No pictures belong in the answer. Repeat all the entries exactly.

*** Records to process ***

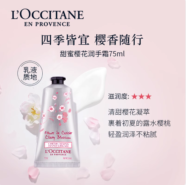 L'occitane/欧舒丹樱花护手霜75ml+LA MER/海蓝之谜唇膜9g/唇蜜7ml
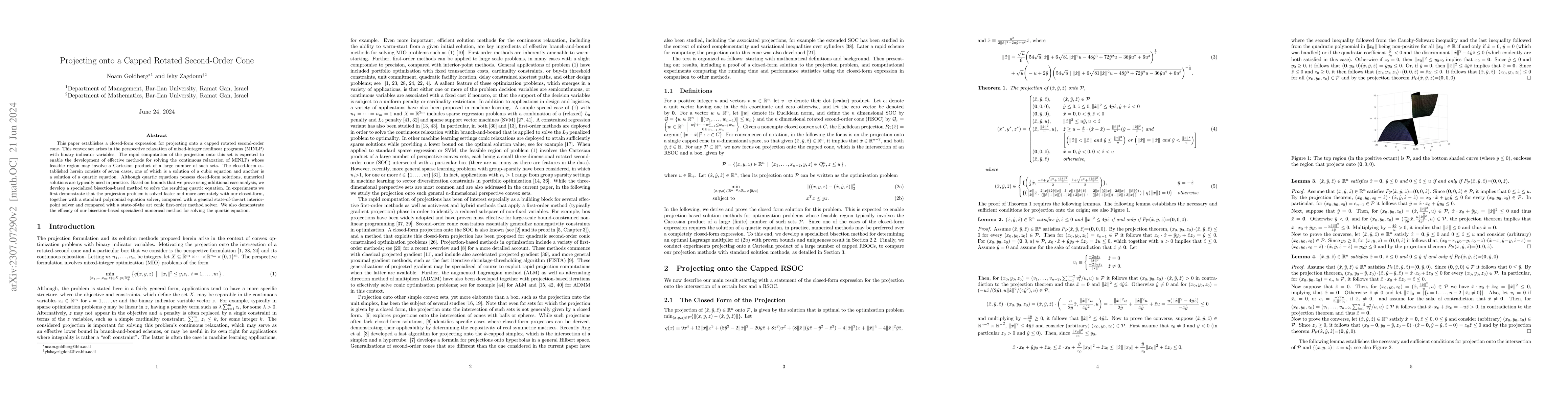 This paper establishes a closed-form expression for projecting onto a capped rotated second-order cone. This convex set arises in the perspective relaxation of mixed-integer nonlinear programs (MINLP) with binary indicator variables. The rapid computation of the projection onto this set is expected to enable the development of effective methods for solving the continuous relaxation of MINLPs whose feasible region may involve a Cartesian product of a large number of such sets. The closed-form established herein consists of seven cases, one of which is a solution of a cubic equation and another is a solution of a quartic equation. Although quartic equations possess closed-form solutions, numerical solutions are typically used in practice. Based on bounds that we prove using additional case analysis, we develop a specialized bisection-based method to solve the resulting quartic equation. In experiments we first demonstrate that the projection problem is solved faster and more accurately with our closed-form, together with a standard polynomial equation solver, compared with a general state-of-the-art interior-point solver and compared with a state-of-the art conic first-order method solver. We also demonstrate the efficacy of our bisection-based specialized numerical method for solving the quartic equation.
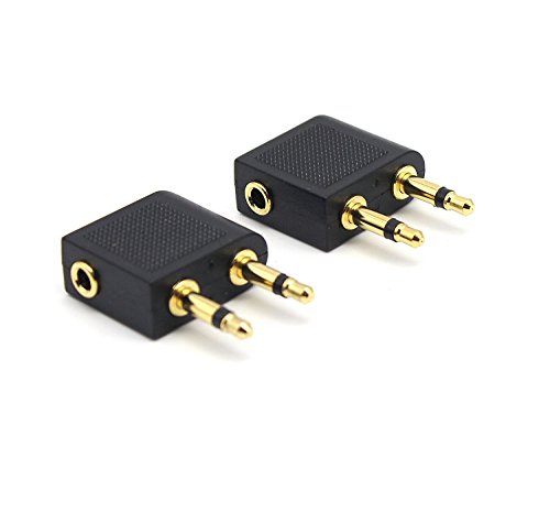 The Alait 2 Pack 3.5mm Gold Plated Airplane Flight Adapter is 2 male to 1 female Headphone Audio adapter that will allow you to use your own headphones on airliners.
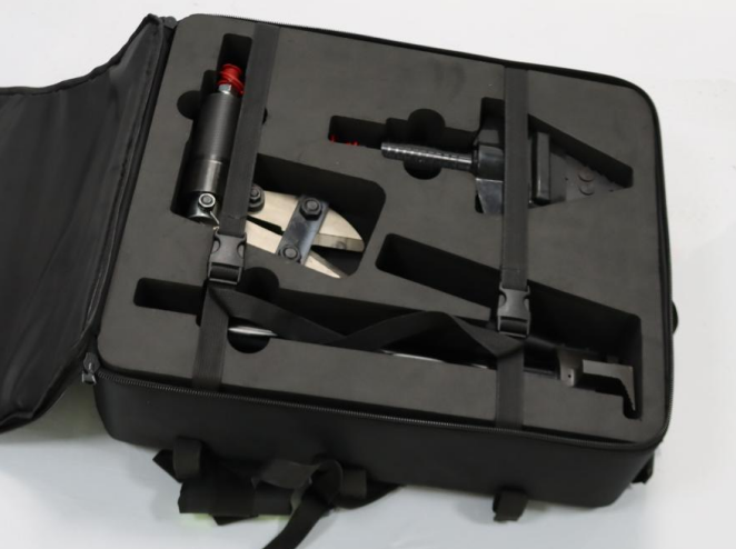 背負(fù)式電動液壓工具組以電動泵為動力,重量輕,作用力大,效率高。單手操作模式,實(shí)現(xiàn)在狹小空間里更加靈活的使用工具;電動液壓泵具有二級壓力輸出,根據(jù)外接負(fù)載的變換自動轉(zhuǎn)變壓力;電動液壓泵作為液壓動力源與組件中其他工具配套進(jìn)行破拆作業(yè);撬棍可單獨(dú)進(jìn)行起釘及撬拆工作;邊緣抬升器底腳與油缸的螺旋槽可以增大開門距離,需要時可擰出;邊緣抬升器的分離槽有防滑功能,可分離易打滑的框架結(jié)構(gòu);微型剪切器尺寸小、重量輕,剪切力大,能剪斷直徑18mm的圓鋼;套組工具接口均為單管平接口,平面密封,具備鎖止功能和防塵裝置;套組采用線控方式操作,超大控制按鈕,操控方便、簡單;具有定位功能,更適合精確操作。
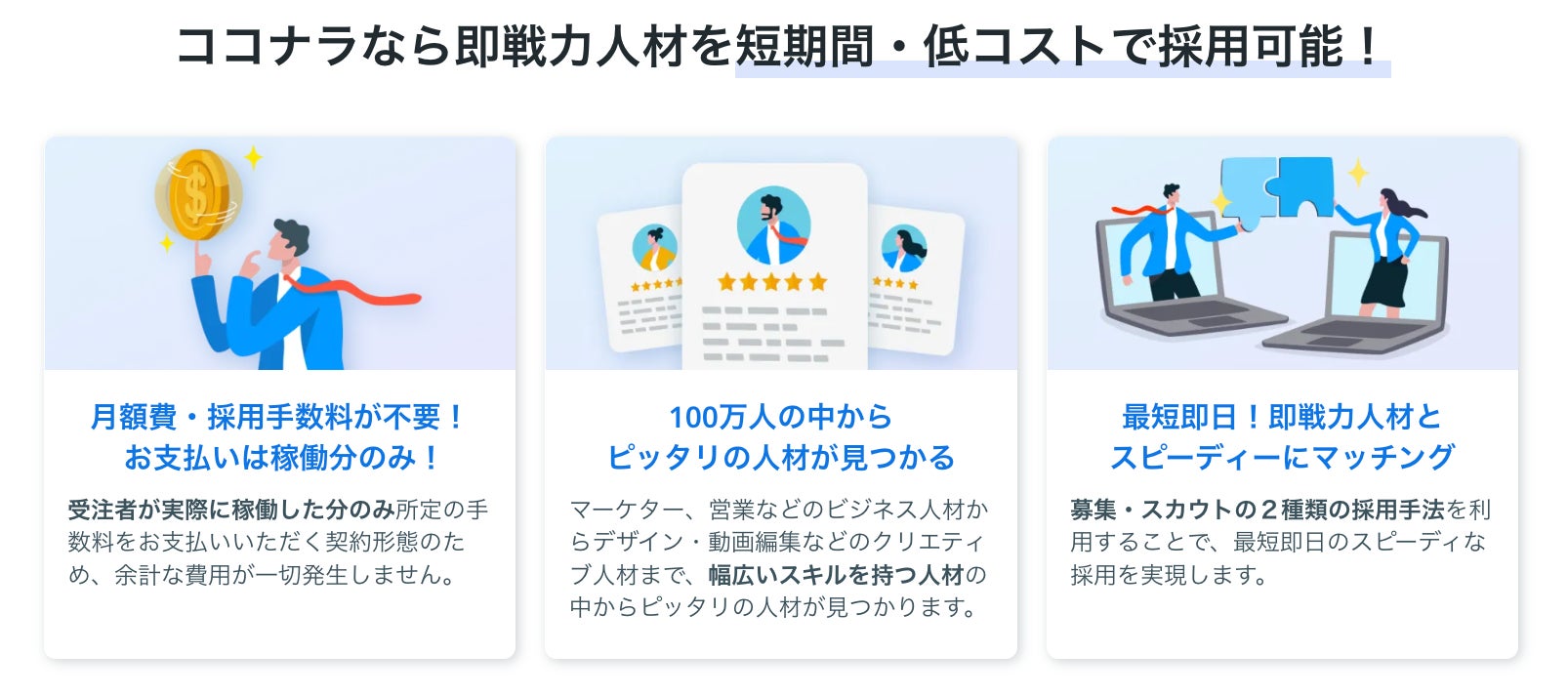 また、応募を募る「ココナラ募集」と能動的にアプローチできる「ココナラスカウト」を併用して活動することで、よりスピーディーに即戦力人材と出会うことができるようになります。
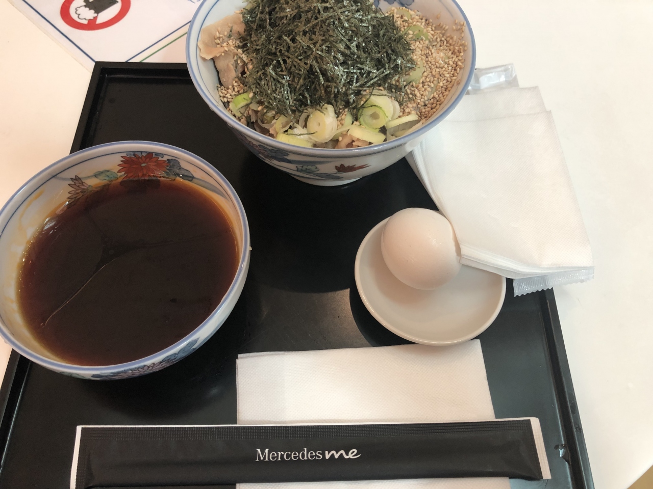 海苔、ゴマをケチることなくふんだんに盛り付けられているのがいい感じです。ツユは少ししょっぱめにラー油が入っています。
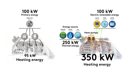 While modern condensing boilers transform 100 kW of Primary energy into 90-95kW of Heating energy, losing 5-10% of Energy, Swegon offers innovative and sustainable solutions that produce over 140kW of Heating Energy by 100kW of primary energy or over 350kW of Heating Energy by 100kW of Electric energy that can be produced by renewable sources.
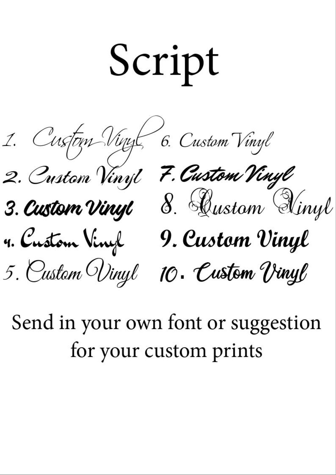 Script Font Custom Vinyl Stickers / Personalised Design Typography Text ...
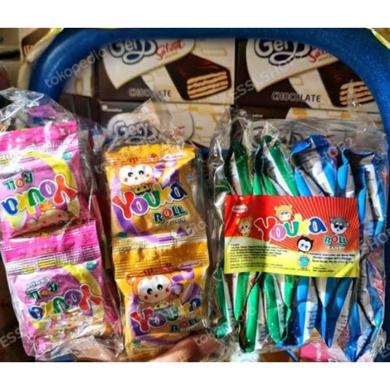 YOUKA ROLL 1 PSK ISI 20 PCS permen gulung aneka rasa...
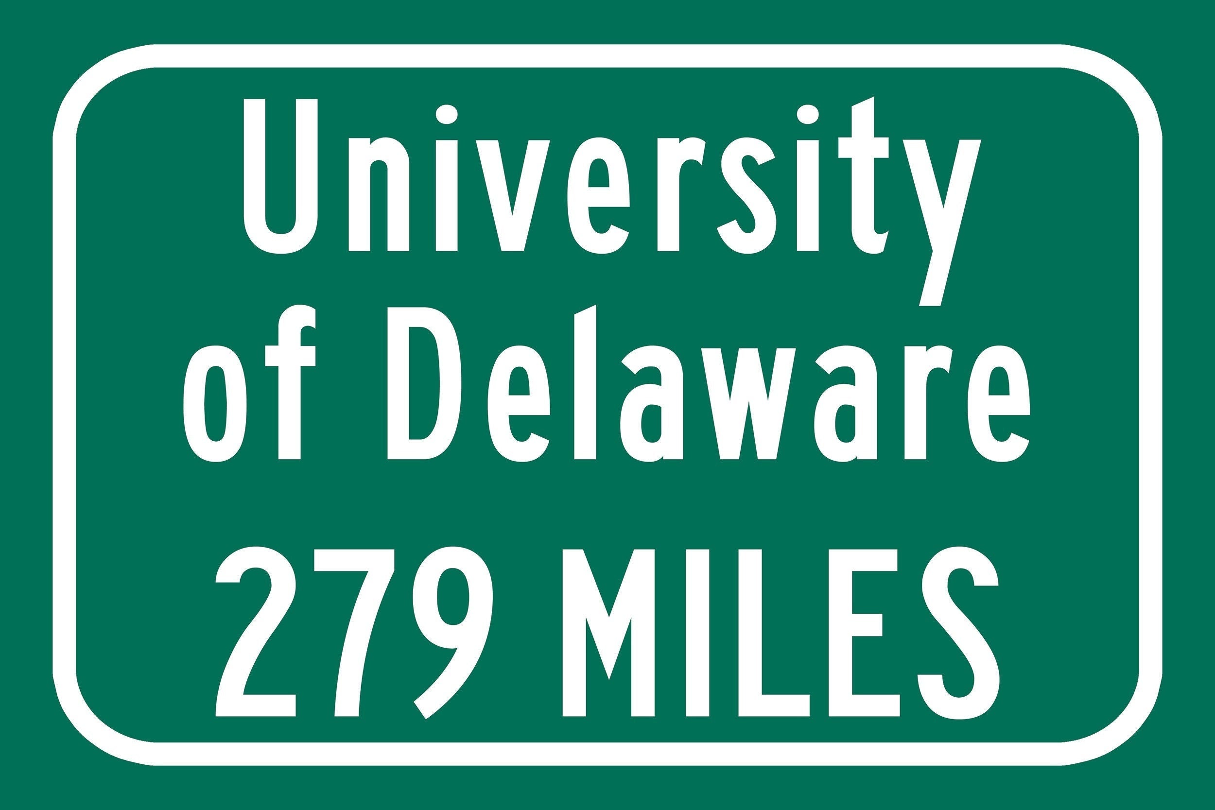 Personalized Highway Distance sign to Delaware State University / Delaware Blue Hens / Dover Delaware /
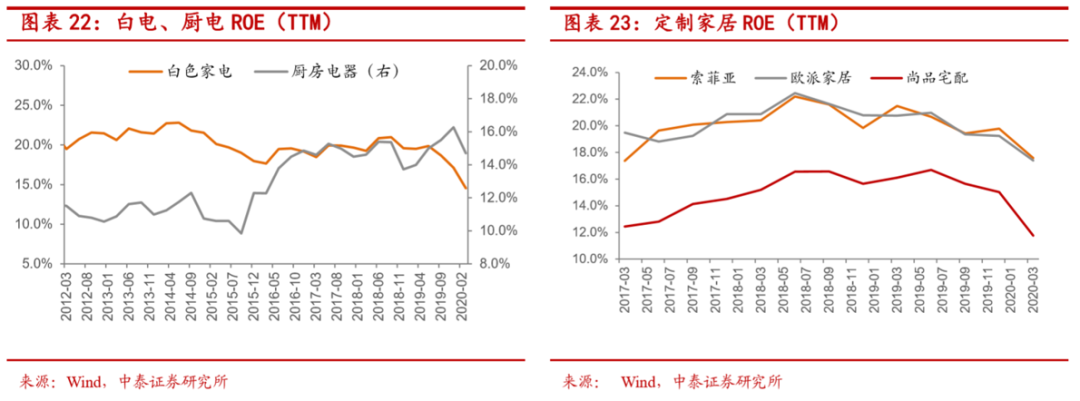 盈利优势的行业:我们建议关注白电、厨电、定制家具、小家电。在估值水平相差不大的情况下,盈利水平的高低决定了股价的增长潜力,而在经济下行的环境中,我们建议关注历史盈利稳健、销售大幅回暖、流动性优势明显的白电、厨电、小家电,以及受益于精装修红利、渗透率逐年增加的定制家具。
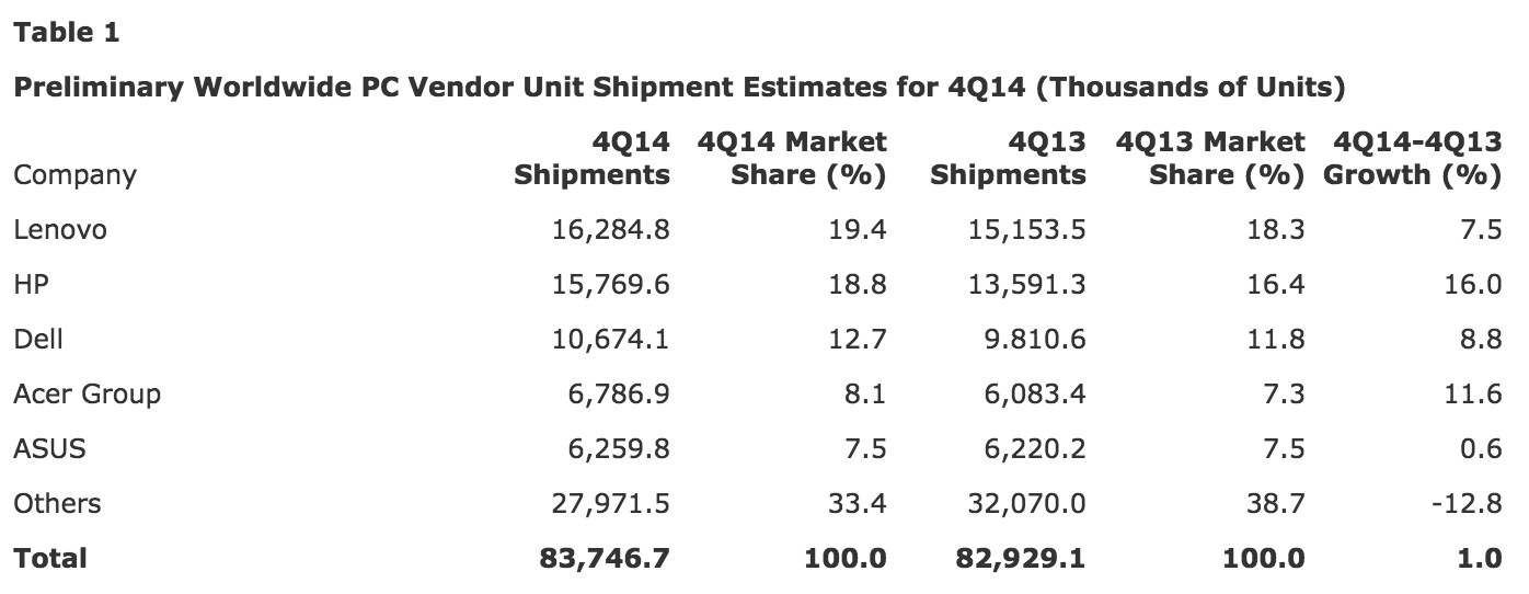 米Gartnerも同様にPC市場シェアのデータ”Gartner Says Worldwide PC Shipments Grew 1 Percent in Fourth Quarter of 2014“を公開しており、こちらのデータでは非Windowsタブレット(iPad)が除外されているためAppleはTop5から脱落し、代わりにASUSが5位となっているそうです。
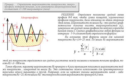 По шкале Rz шеpоховатость этой же повеpхности опpеделяется как сpеднее pасстояние между высшими и низшими точками пpофиля, то есть Rz = A = 100 мкм.
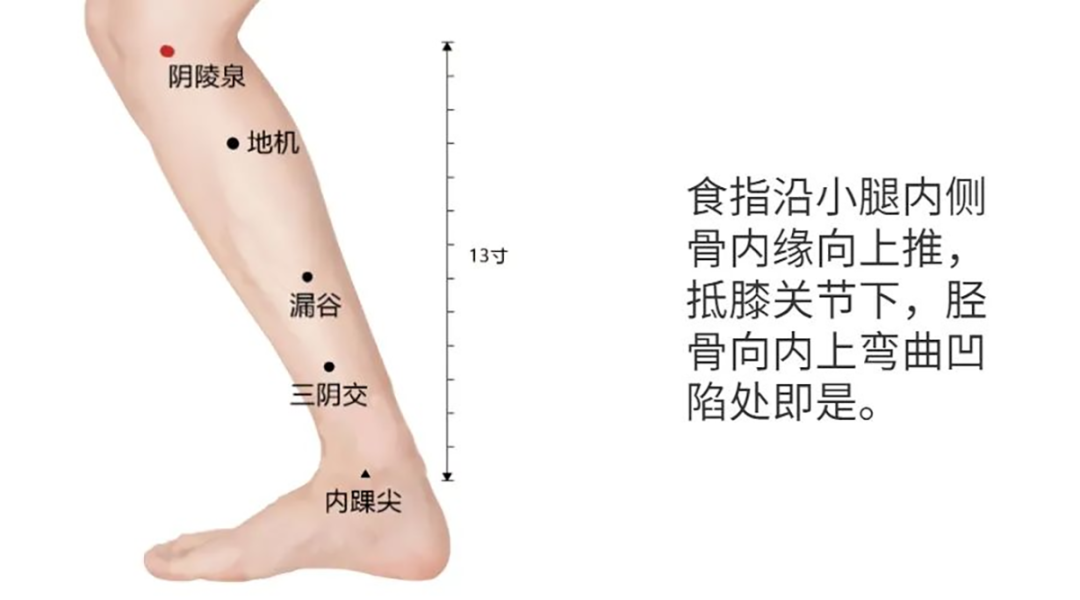 【阴陵泉】阴陵泉,属“足太阴脾经”,有健脾利湿的作用,为人体的“祛湿第一穴”。位置在小腿内侧,当胫骨内侧髁后下方凹陷处。主治腹胀、腹泻、水肿、黄疸、小便不利、遗尿等脾不运化水湿病证。
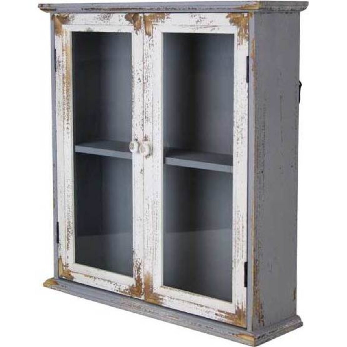 The product Wall Cabinet Vintage Cream features a cabinet designed in traditional Vintage style. It has two doors, opened using two knobs which lie next to each other when the doors close. The door - frames are cream in colour and the cabinet is divided into two upper and bottom sections which buyers can utilize for keeping an assorted range of things. This cabinet has measurements of 45x13x48 cm and may as well be applied within a library, study room, office or other setting to afford users convenient access of various stored items. Its traditional - looking face can fit well into a vintage - styled surrounding.

***

■ Answer for the task
 L'occitane/欧舒丹樱花护手霜75ml+LA MER/海蓝之谜唇膜9g/唇蜜7ml
 This paper establishes a closed-form expression for projecting onto a capped rotated second-order cone. This convex set arises in the perspective relaxation of mixed-integer nonlinear programs (MINLP) with binary indicator variables. The rapid computation of the projection onto this set is expected to enable the development of effective methods for solving the continuous relaxation of MINLPs whose feasible region may involve a Cartesian product of a large number of such sets. The closed-form established herein consists of seven cases, one of which is a solution of a cubic equation and another is a solution of a quartic equation. Although quartic equations possess closed-form solutions, numerical solutions are typically used in practice. Based on bounds that we prove using additional case analysis, we develop a specialized bisection-based method to solve the resulting quartic equation. In experiments we first demonstrate that the projection problem is solved faster and more accurately with our closed-form, together with a standard polynomial equation solver, compared with a general state-of-the-art interior-point solver and compared with a state-of-the art conic first-order method solver. We also demonstrate the efficacy of our bisection-based specialized numerical method for solving the quartic equation.
 The Alait 2 Pack 3.5mm Gold Plated Airplane Flight Adapter is 2 male to 1 female Headphone Audio adapter that will allow you to use your own headphones on airliners.
 背負(fù)式電動液壓工具組以電動泵為動力,重量輕,作用力大,效率高。單手操作模式,實(shí)現(xiàn)在狹小空間里更加靈活的使用工具;電動液壓泵具有二級壓力輸出,根據(jù)外接負(fù)載的變換自動轉(zhuǎn)變壓力;電動液壓泵作為液壓動力源與組件中其他工具配套進(jìn)行破拆作業(yè);撬棍可單獨(dú)進(jìn)行起釘及撬拆工作;邊緣抬升器底腳與油缸的螺旋槽可以增大開門距離,需要時可擰出;邊緣抬升器的分離槽有防滑功能,可分離易打滑的框架結(jié)構(gòu);微型剪切器尺寸小、重量輕,剪切力大,能剪斷直徑18mm的圓鋼;套組工具接口均為單管平接口,平面密封,具備鎖止功能和防塵裝置;套組采用線控方式操作,超大控制按鈕,操控方便、簡單;具有定位功能,更適合精確操作。
 また、応募を募る「ココナラ募集」と能動的にアプローチできる「ココナラスカウト」を併用して活動することで、よりスピーディーに即戦力人材と出会うことができるようになります。
 海苔、ゴマをケチることなくふんだんに盛り付けられているのがいい感じです。ツユは少ししょっぱめにラー油が入っています。
 While modern condensing boilers transform 100 kW of Primary energy into 90-95kW of Heating energy, losing 5-10% of Energy, Swegon offers innovative and sustainable solutions that produce over 140kW of Heating Energy by 100kW of primary energy or over 350kW of Heating Energy by 100kW of Electric energy that can be produced by renewable sources.
 Script Font Custom Vinyl Stickers / Personalised Design Typography Text ...
 YOUKA ROLL 1 PSK ISI 20 PCS permen gulung aneka rasa...
 Personalized Highway Distance sign to Delaware State University / Delaware Blue Hens / Dover Delaware /
 盈利优势的行业:我们建议关注白电、厨电、定制家具、小家电。在估值水平相差不大的情况下,盈利水平的高低决定了股价的增长潜力,而在经济下行的环境中,我们建议关注历史盈利稳健、销售大幅回暖、流动性优势明显的白电、厨电、小家电,以及受益于精装修红利、渗透率逐年增加的定制家具。
 米Gartnerも同様にPC市場シェアのデータ”Gartner Says Worldwide PC Shipments Grew 1 Percent in Fourth Quarter of 2014“を公開しており、こちらのデータでは非Windowsタブレット(iPad)が除外されているためAppleはTop5から脱落し、代わりにASUSが5位となっているそうです。
 По шкале Rz шеpоховатость этой же повеpхности опpеделяется как сpеднее pасстояние между высшими и низшими точками пpофиля, то есть Rz = A = 100 мкм.
 【阴陵泉】阴陵泉,属“足太阴脾经”,有健脾利湿的作用,为人体的“祛湿第一穴”。位置在小腿内侧,当胫骨内侧髁后下方凹陷处。主治腹胀、腹泻、水肿、黄疸、小便不利、遗尿等脾不运化水湿病证。
 The product Wall Cabinet Vintage Cream features a cabinet designed in traditional Vintage style. It has two doors, opened using two knobs which lie next to each other when the doors close. The door - frames are cream in colour and the cabinet is divided into two upper and bottom sections which buyers can utilize for keeping an assorted range of things. This cabinet has measurements of 45x13x48 cm and may as well be applied within a library, study room, office or other setting to afford users convenient access of various stored items. Its traditional - looking face can fit well into a vintage - styled surrounding.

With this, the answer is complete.